日本兵敷島浩一(演:神木隆之介)の操縦する零戦は、故障のため大戸島の不時着場へ降り立っていました。整備兵の橘宗作(演:青木崇高)は、どこにも故障箇所が無いことを訝しく思います。海辺には大量の深海魚の死骸が浮き上がっていました。

その夜、島に正体不明の巨大生物が出現。兵士たちは“それ”を、島で伝承として語り継がれる“呉爾羅(ゴジラ)”と呼びます。橘は敷島へ零戦の機銃で撃つよう指示するも、恐怖のあまり敷島はその場を逃亡。橘を残し、兵士たちは全滅してしまいます。

 

同年、冬。

終戦後、東京の実家へ戻った敷島ですが、家は空襲で跡形もなくなっていました。何もかも失った彼は、闇市で出会った大石典子(演:浜辺美波)と、彼女の連れ子である明子と共同生活をすることになります。

しばらくして、米軍が海中に残した機雷を撤去する仕事に就くことになった敷島。危険を伴う仕事ですが、その分給料はよく、少しずつ生活も安定していきます。そんなある日、敷島たちの乗る小舟は、戦艦を沈めるほどの“何か”を足止めするよう指令を受けます。海には、大量の深海魚の死骸が。その光景に、かつての惨劇が頭をよぎります。

そう、戦艦を沈めたのは、あの日から比べ物にならないほど巨大に成長した、あの怪物でした――。

というのがあらすじ。

 

本編感想

僕は本作を見て、とても感動しました。

ひとつ前の『ザ・クリエイター/創造者』の記事で、「自己犠牲を美徳とするような終わり方」はあまり好きではない、と書きました。日本でも、余命いくばくもない人が運命の人に出会って最期は遺された方が号泣して終わるタイプの、お涙頂戴系の作品って毎年のように公開されてますよね。最近はそういうの全然好きになれなくて。セカチューとか、当時は映画館へ見に行ってめちゃくちゃ泣きましたが、今はあまり見たいとは思わないかな…。多分見たら泣くけど。

 

なので、本作の「生きることこそが美徳」みたいな描き方は、今の僕の好みにマッチしていて、すごく感動した次第です。どんなに苦しくても、みっともなくても、それでも生きる。それこそが素晴らしいんだと教えてくれる、そういう作品が見れることを期待して見に行ったので、しっかりと僕が見たいものを見ることが出来て満足です。

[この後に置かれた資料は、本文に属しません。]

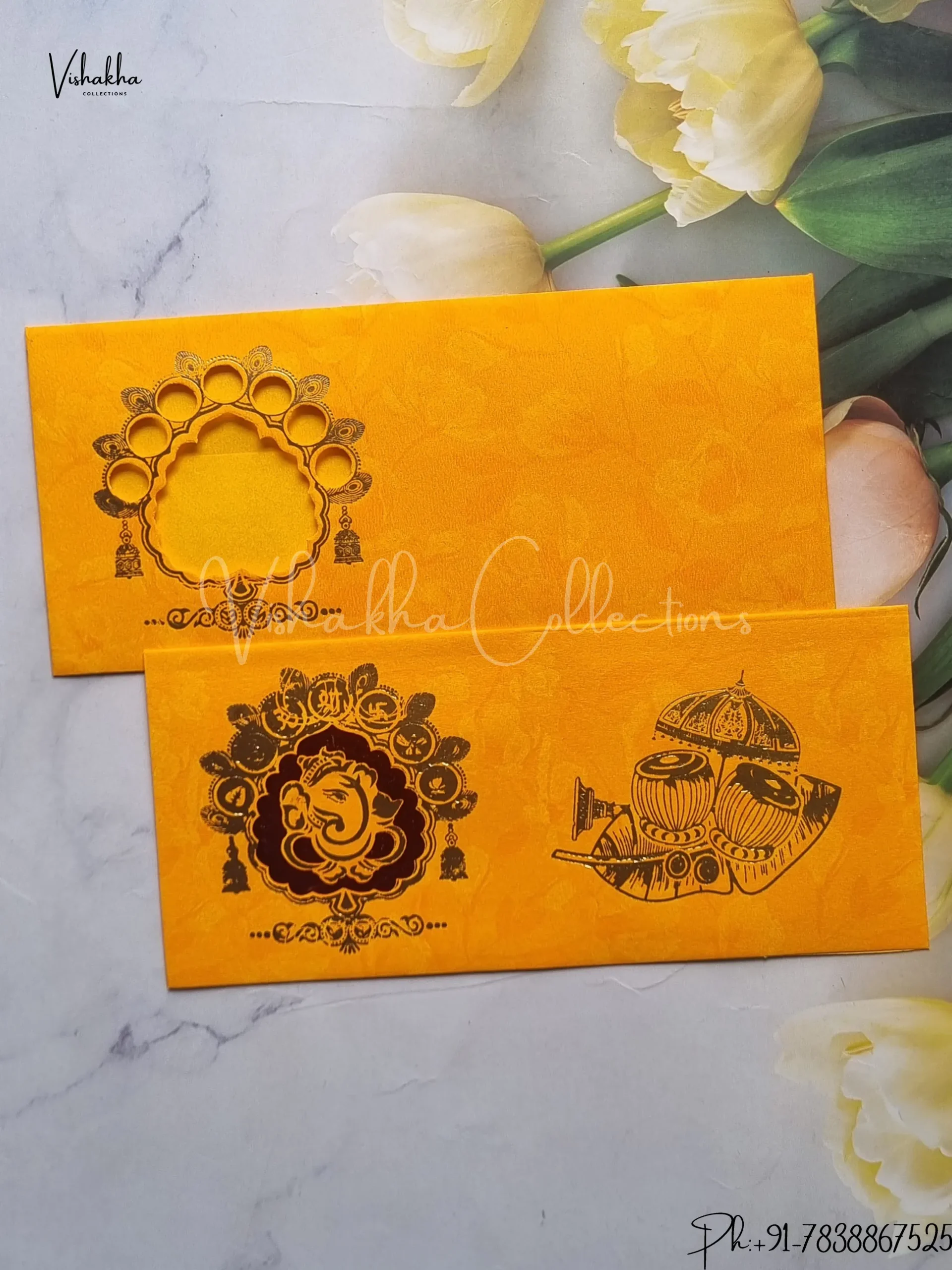Ganesh Ji Hindu Yellow Colored wedding invitation Cards GS-54

ちなみに、僕がそうした作品を好きになったきっかけは、多分『ブラックジャックによろしく』の漫画を読んだのがきっかけです。ドラマ版から入ったクチなのですが、漫画版はドラマよりもはるかにエグくて、だからこそ生きることの尊さが際立っているように思えて、ボロボロに泣かされました。作者が全話無料で公開しているので、ぜひ読んでみてください(布教)。

 

終戦直後という舞台設定も上手いなぁと思いました。

本作が戦争映画として出来がいいのかは僕にはわかりませんが、戦争を「人間性を崩壊させるもの」として描いていたのが、心にズッシリとくるものがありました。敷島が大戸島での惨劇を毎晩夢に見て、しまいには悪夢と現実の境がわからなくなるシーンは、つらすぎて涙が止まりませんでした。

戦時中、日本では特に「命を捨てる覚悟で戦うこと」がよしとされてきました。それがいかに愚かな考えであるかは今を生きる僕らにはわかりますが、当時の人たちにとってはそれが当たり前だったわけで。しかし、終戦を機に、今後は誰もが未来を生きていいんだと。それを当たり前にしていこうと。死ぬためにではなく、生きるために戦っていこうと。野田教授が劇中でこんな感じのことを言うシーン、すごく心に響きました。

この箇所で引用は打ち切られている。